Netflix’s stock jumped nearly 7% to around $215 per share in after-hours trading, with investors cheering the better-than-expected second-quarter earnings report.

The streaming giant reported that it lost 970,000 subscribers in the latest quarter—significantly less than the company’s previous forecast of losing 2 million subscribers—and management remains optimistic about adding back customers later in the year.

Analyst estimates for Netflix’s second-quarter subscriber loss had ranged from as much as 4 million subscribers to as little as 1.5 million, with some analysts citing the strong performance of season four of Stranger Things, which was Netflix’s most watched English-language show yet.

Investors were hoping for an improvement after a dismal first quarter, when Netflix reported its first subscriber loss in more than a decade (losing 200,000 customers) and shares plunged 35% in one day.

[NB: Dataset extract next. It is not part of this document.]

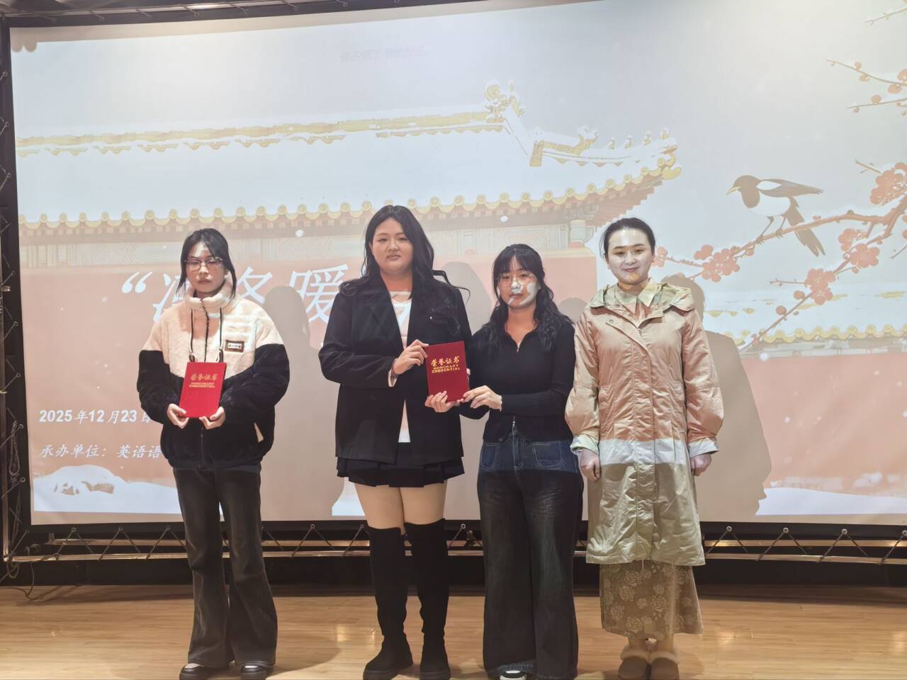 比赛在外教Tony老师自弹自唱的英文暖场歌曲中拉开帷幕,动人的旋律迅速点燃全场热情,也为选手们送上真挚鼓励。随后,各组选手依次登台,以歌声传递情感,以表演演绎风采。评委们在每组演出后均给予精准而专业的点评,尤其对选手的英语发音、情感表达与舞台表现力提出了中肯建议。英语合唱团指导老师徐桢为一等奖获得者颁奖,翻译系主任陈君为二等奖获得者颁奖,外教Tony老师为三等奖获得者颁奖。选手们手持证书,绽放笑容,现场掌声与欢呼持续不断。

Netflix reported mixed financial results for the second quarter: Earnings came in above Wall Street expectations, though revenue was weaker-than-expected at $7.97 billion versus a consensus analyst forecast of $8.04 billion, according to Refinitiv.

In order to offset recent slowdowns, Netflix is looking to introduce a cheaper ad-supported subscription plan, announcing last week that it will be partnering with Microsoft in order to do so—but Netflix COO Greg Peters said that the project is still in “very early days.”

Crucial Quote:

“There’s very little not to like,” says Charles Lemonides, founder and chief investment officer of ValueWorks. “These results read like the negative news was just a tiny blip in the long-term growth story.” He remains highly bullish on the company, which he argues is still the “strongest streaming platform with the greatest ability to spend dollars on creating new content—and that’s a tough position to compete with.”

Key Background:

Netflix’s stock has cratered roughly 70% this year. Like other tech stocks, Netflix shares were especially hard-hit by concerns over surging inflation and rising rates, but a significant portion of the company’s recent struggles have revolved around slowing subscriber growth, which has spooked investors. Netflix lost 200,000 subscribers globally in the previous quarter—far below the 2.7 million additions expected, which prompted a wave of downgrades from Wall Street analysts at the time.

What To Watch For:

“While a meaningful 2Q or 3Q subscriber beat or miss might temporarily move Netflix shares post-earnings, we expect shares will revert to their trading range as visibility will remain low and the company’s pivot to advertising does not even begin in earnest until late 2022,” Credit Suisse analyst Douglas Mitchelson wrote on Tuesday.

Further Reading:

Netflix Loses Subscribers For The First Time In Ten Years, Shares Plunge 35% (Forbes)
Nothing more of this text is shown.